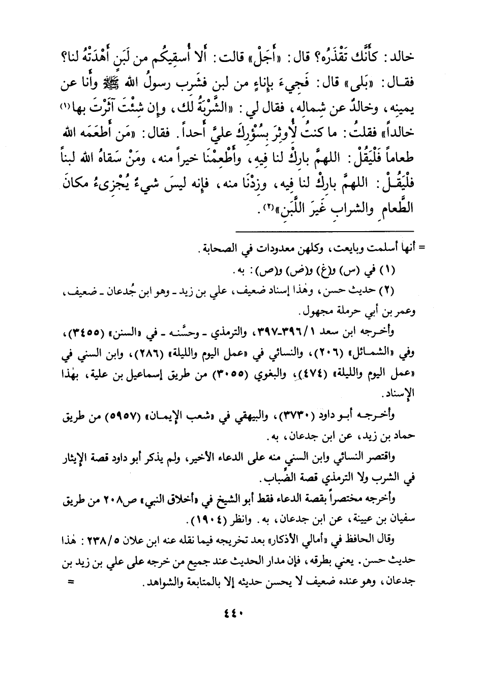 واقتصر النسائي وابن السني منه على الدعاء الأخير، ولم يذكر أبو داود قصة الإيثار في الشرب ولا الترمذي قصة الضّباب.
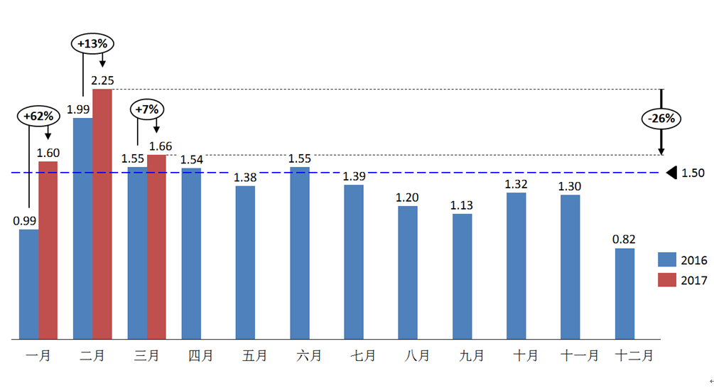 2017年3月汽车经销商库存系数为1.66
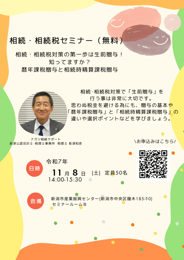 カテゴリー: お知らせこの度、下記の日程で新潟日報カルチャースクール・長岡教室で有料の「遺産相続のやさしい基礎講座」(全3回)を開催する事になりました。参加者の皆様に有用な相続及び贈与税の知識を学んで頂ければ幸いです。興味のある方のご参加をお待ちしています。
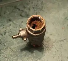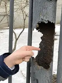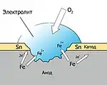 Коррозия металлов — разрушение металлов вследствие химического или электрохимического взаимодействия их с коррозионной средой[3]. Для процесса коррозии следует применять термин «коррозионный процесс», а для результата процесса — «коррозионное разрушение».
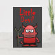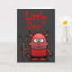Um pequeno demônio vermelho com garfo. Um design divertido para qualquer pequeno diabo! O dentro do cartão diz: Feliz Aniversário.
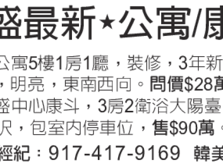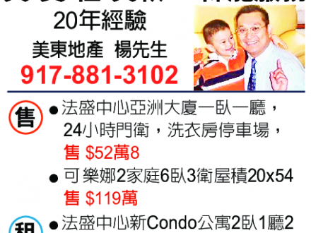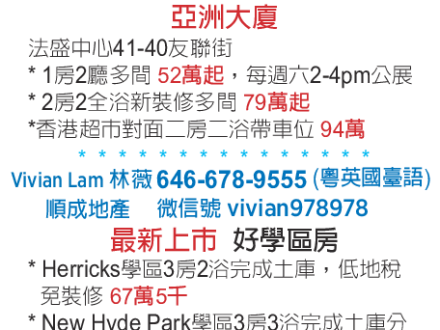 亚洲大厦 法拉盛好学区房出售 718-709-6130

PROBLEM TO WORK ON -
In the records above, find the line that contains "Um pequeno demônio" and repeat exactly that line and all lines after it to the end. Do not include pictures.

TASK RESULT -
Um pequeno demônio vermelho com garfo. Um design divertido para qualquer pequeno diabo! O dentro do cartão diz: Feliz Aniversário.
 亚洲大厦 法拉盛好学区房出售 718-709-6130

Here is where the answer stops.